* Task
Write every line of the material again exactly, with no pictures in the copy.

* Data shown
>>>

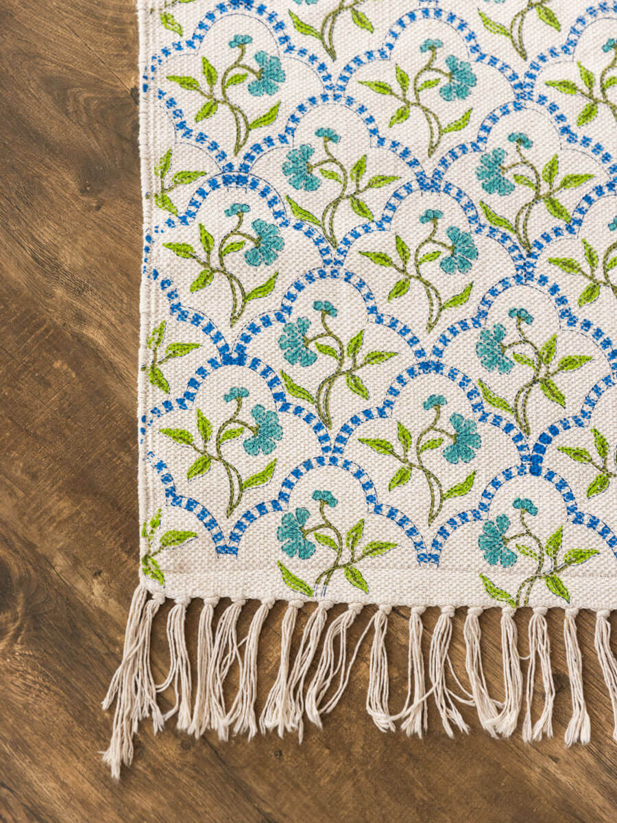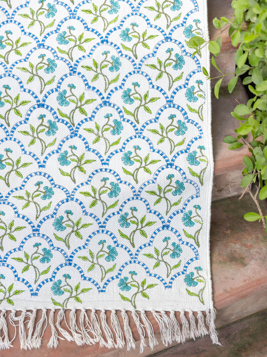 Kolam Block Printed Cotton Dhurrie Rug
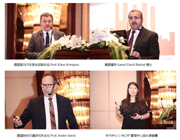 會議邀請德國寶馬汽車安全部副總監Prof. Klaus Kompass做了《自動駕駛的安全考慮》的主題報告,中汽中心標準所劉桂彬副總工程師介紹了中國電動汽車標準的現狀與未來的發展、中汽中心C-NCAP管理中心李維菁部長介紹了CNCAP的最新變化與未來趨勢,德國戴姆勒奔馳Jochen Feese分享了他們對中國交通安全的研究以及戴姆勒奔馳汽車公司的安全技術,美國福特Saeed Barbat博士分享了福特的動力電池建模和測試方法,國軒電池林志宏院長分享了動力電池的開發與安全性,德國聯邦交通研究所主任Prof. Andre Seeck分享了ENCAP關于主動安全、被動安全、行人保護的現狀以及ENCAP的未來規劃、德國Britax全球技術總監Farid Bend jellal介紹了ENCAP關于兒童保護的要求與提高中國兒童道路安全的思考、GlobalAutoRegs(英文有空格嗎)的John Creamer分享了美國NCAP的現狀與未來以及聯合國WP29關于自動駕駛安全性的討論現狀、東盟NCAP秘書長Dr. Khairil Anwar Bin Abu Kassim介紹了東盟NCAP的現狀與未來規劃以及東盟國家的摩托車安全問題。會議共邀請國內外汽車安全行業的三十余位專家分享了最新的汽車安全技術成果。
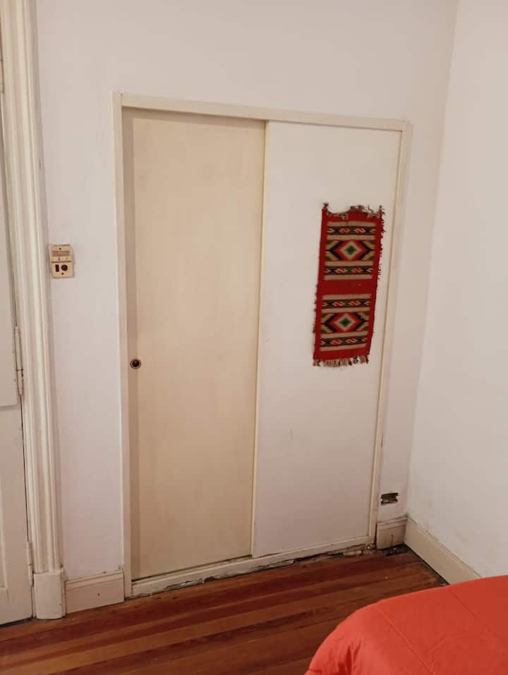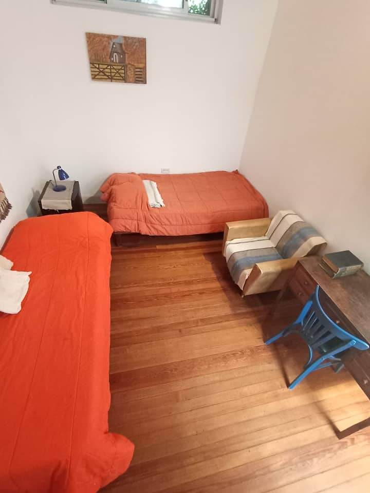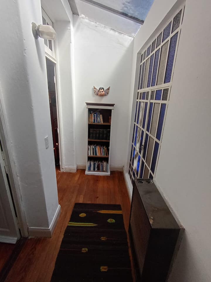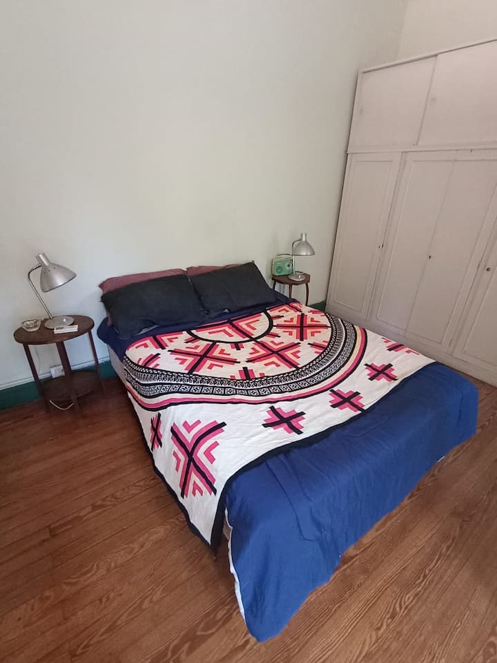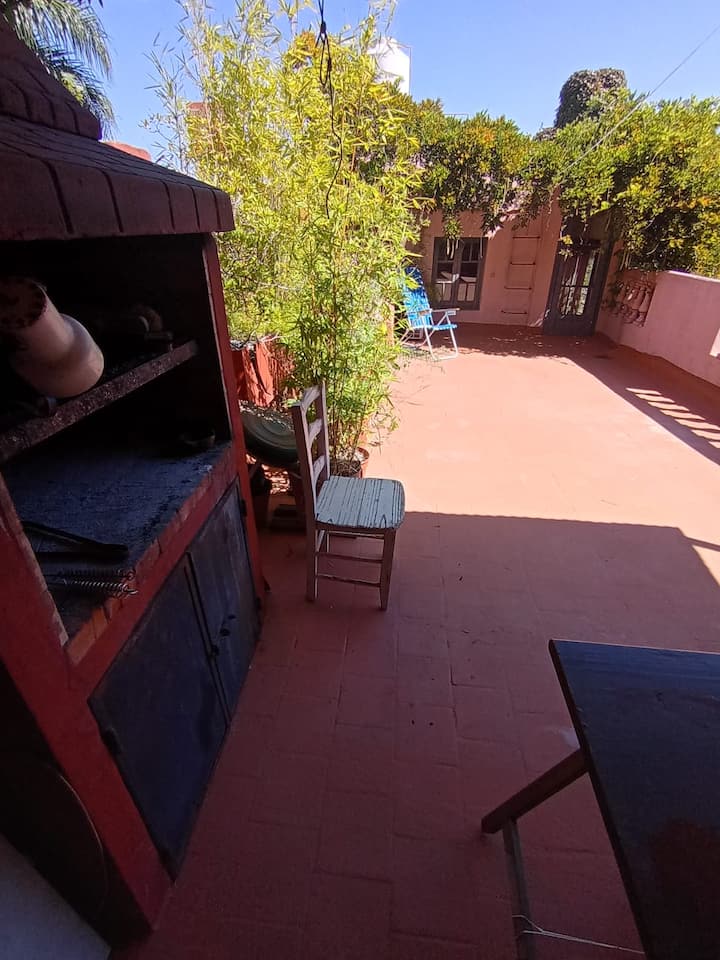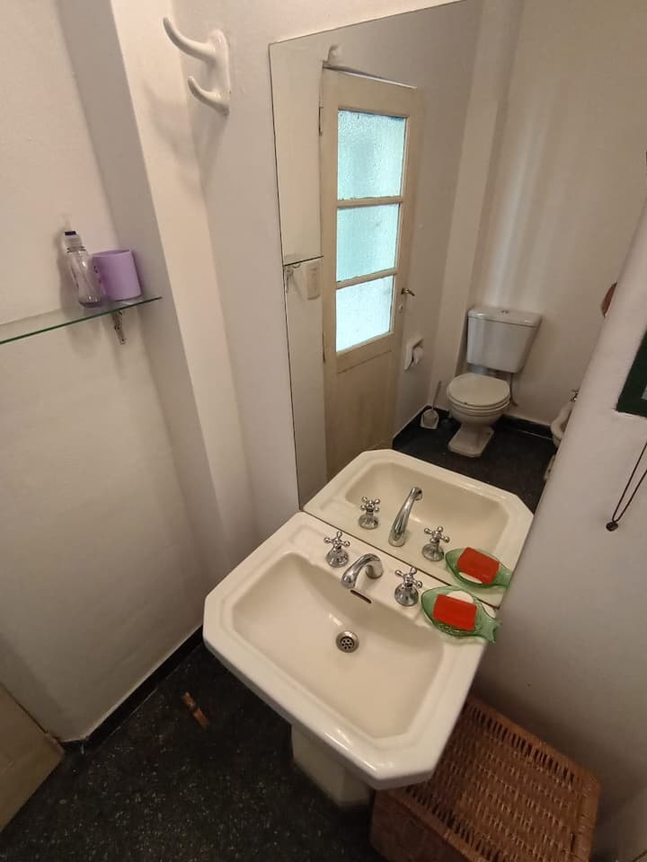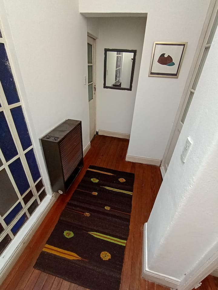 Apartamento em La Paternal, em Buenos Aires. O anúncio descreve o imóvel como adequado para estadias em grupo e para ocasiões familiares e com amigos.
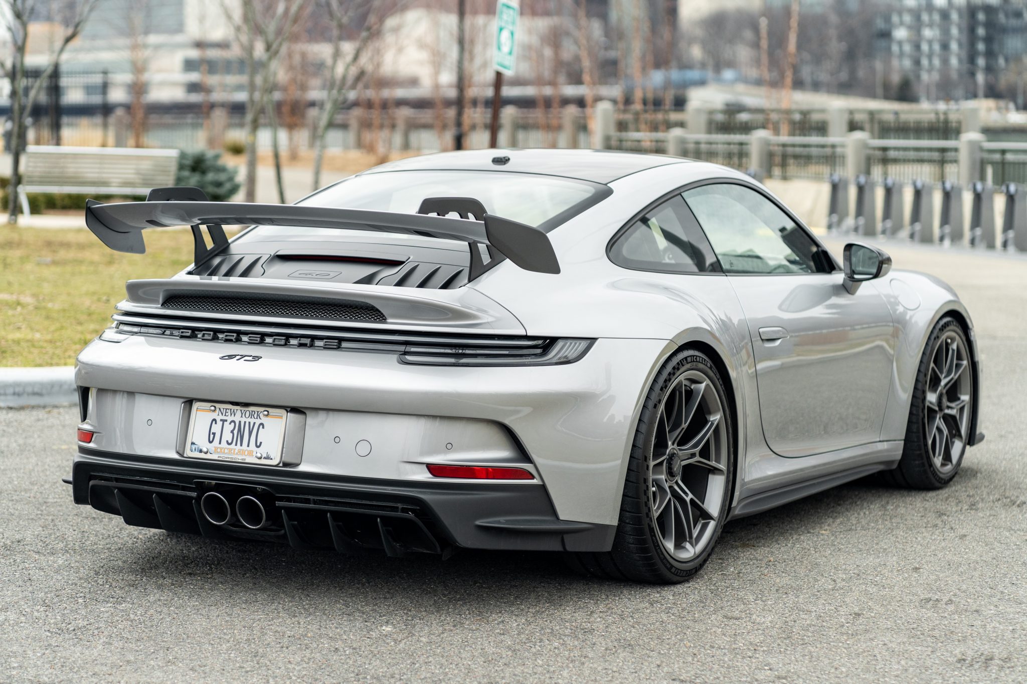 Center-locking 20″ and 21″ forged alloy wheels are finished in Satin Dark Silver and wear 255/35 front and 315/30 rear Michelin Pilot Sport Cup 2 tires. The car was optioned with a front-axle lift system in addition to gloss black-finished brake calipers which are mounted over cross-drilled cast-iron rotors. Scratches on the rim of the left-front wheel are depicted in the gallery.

<<<

* Task output
 Kolam Block Printed Cotton Dhurrie Rug
 會議邀請德國寶馬汽車安全部副總監Prof. Klaus Kompass做了《自動駕駛的安全考慮》的主題報告,中汽中心標準所劉桂彬副總工程師介紹了中國電動汽車標準的現狀與未來的發展、中汽中心C-NCAP管理中心李維菁部長介紹了CNCAP的最新變化與未來趨勢,德國戴姆勒奔馳Jochen Feese分享了他們對中國交通安全的研究以及戴姆勒奔馳汽車公司的安全技術,美國福特Saeed Barbat博士分享了福特的動力電池建模和測試方法,國軒電池林志宏院長分享了動力電池的開發與安全性,德國聯邦交通研究所主任Prof. Andre Seeck分享了ENCAP關于主動安全、被動安全、行人保護的現狀以及ENCAP的未來規劃、德國Britax全球技術總監Farid Bend jellal介紹了ENCAP關于兒童保護的要求與提高中國兒童道路安全的思考、GlobalAutoRegs(英文有空格嗎)的John Creamer分享了美國NCAP的現狀與未來以及聯合國WP29關于自動駕駛安全性的討論現狀、東盟NCAP秘書長Dr. Khairil Anwar Bin Abu Kassim介紹了東盟NCAP的現狀與未來規劃以及東盟國家的摩托車安全問題。會議共邀請國內外汽車安全行業的三十余位專家分享了最新的汽車安全技術成果。
 Apartamento em La Paternal, em Buenos Aires. O anúncio descreve o imóvel como adequado para estadias em grupo e para ocasiões familiares e com amigos.
 Center-locking 20″ and 21″ forged alloy wheels are finished in Satin Dark Silver and wear 255/35 front and 315/30 rear Michelin Pilot Sport Cup 2 tires. The car was optioned with a front-axle lift system in addition to gloss black-finished brake calipers which are mounted over cross-drilled cast-iron rotors. Scratches on the rim of the left-front wheel are depicted in the gallery.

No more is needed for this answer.